D’abord, on l’a dit plus haut, le député vote les lois. Et lorsqu’il vote les lois, il les vote dans une perspective nationale mais aussi, forcément, locale. « Si on vote de mauvaises lois, on sait qu’on peut en subir directement les conséquences à l’échelle de notre circonscription. En revanche, on votera plus volontiers une loi dont on sait qu’elle répond à une vraie problématique locale, départementale ou régionale dans la zone territoriale que l’on représente », analyse la même députée. « Un exemple : la loi Macron sur la libéralisation du transport par autobus, ou encore avant cela, il y a eu la loi Borloo qui a permis de procéder à de gros chantiers de rénovation urbaine dans les circonscriptions, et donc, d’agir sur les infrastructures de transport ou les plateformes logistiques ou multimodales locales ».

 

Pour l’instant, mais cela pourrait être remise en cause dans le cadre de la loi de moralisation de la vie publique pour éviter les conflits d’intérêt, les députés ont aussi la possibilité de contribuer au versement d’indemnités aux associations ou aux collectivités, via ce que l’on appelle la « réserve parlementaire ». Soit plusieurs dizaines de milliers d’euros  chaque année, que le député pourra utiliser pour soutenir des projets : jusqu’à une centaine par an.
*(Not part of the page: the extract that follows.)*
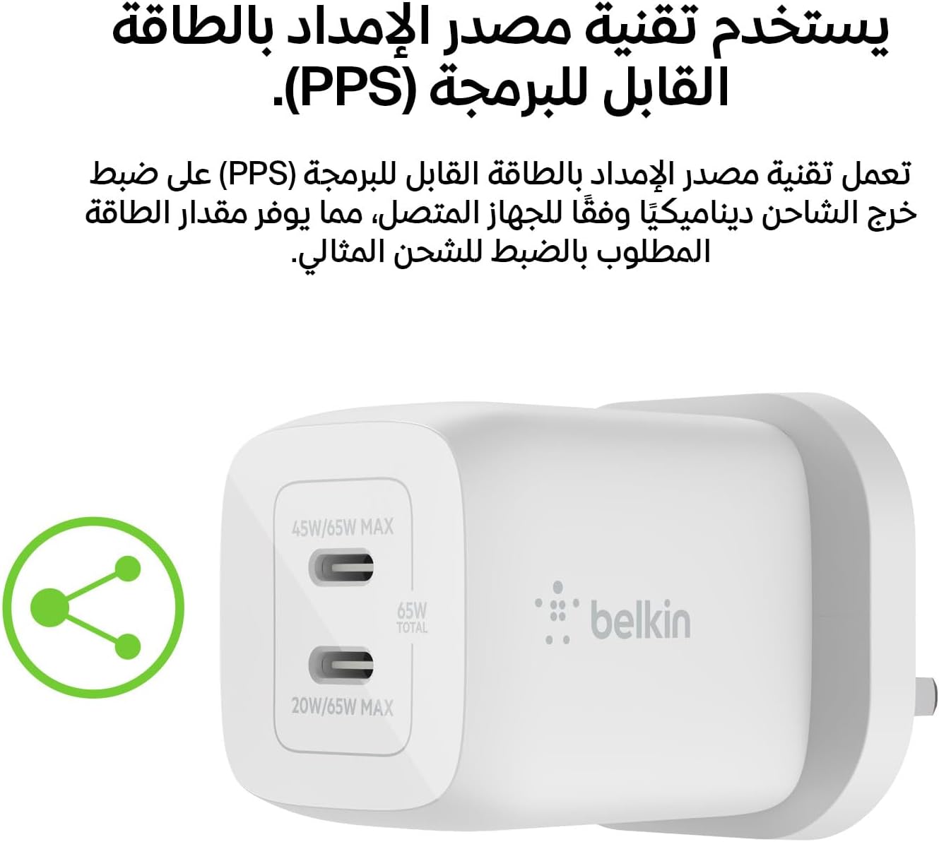 USB-C plug with integrated GaN technology provides a high-power, efficient charge that won’t overheat.PPS technology dynamically delivers optimum power to compatible devices.Charger plug with compact design ideal for home, office, or traveling

Cela peut aller de la rénovation d’une école à la mise en place d’un nouveau service dans un hôpital, en passant par les infrastructures de transport, les routes, et leurs usagers.

 

Si le député peut être utile, au final, c’est essentiellement comme porte-voix, comme influenceur pour soutenir des démarches citoyennes, associatives, ou les pouvoirs locaux, dans leurs objectifs d’amélioration des services de transports publics, mais aussi dans le développement de transports solidaires, par exemple, ou dans la création d’une zone d’activité dédiée tout ou partie à la logistique. Le mandat du député lui confère une carte de visite prompte à ouvrir des portes, à connaître les bons interlocuteurs, à étoffer les réseaux utiles dans l’avancée des projets. En Saône et Loire, le député socialiste Christophe Siruge a ainsi pu aider au déblocage d’un dossier épineux autour de l’autoroute et des associations écologistes ; le député joue aussi un rôle important dans des dossiers comme l’aéroport de Notre Dame des Landes, en Loire Atlantique : le directeur des routes, le ministre des transports, sont plus faciles à joindre quand c’est un ou une députée qui appelle, que si c’est un simple directeur d’association par exemple. Morale de l’histoire : votre député n’est pas tout puissant, mais il a un vrai pouvoir pour faire avancer des dossiers locaux.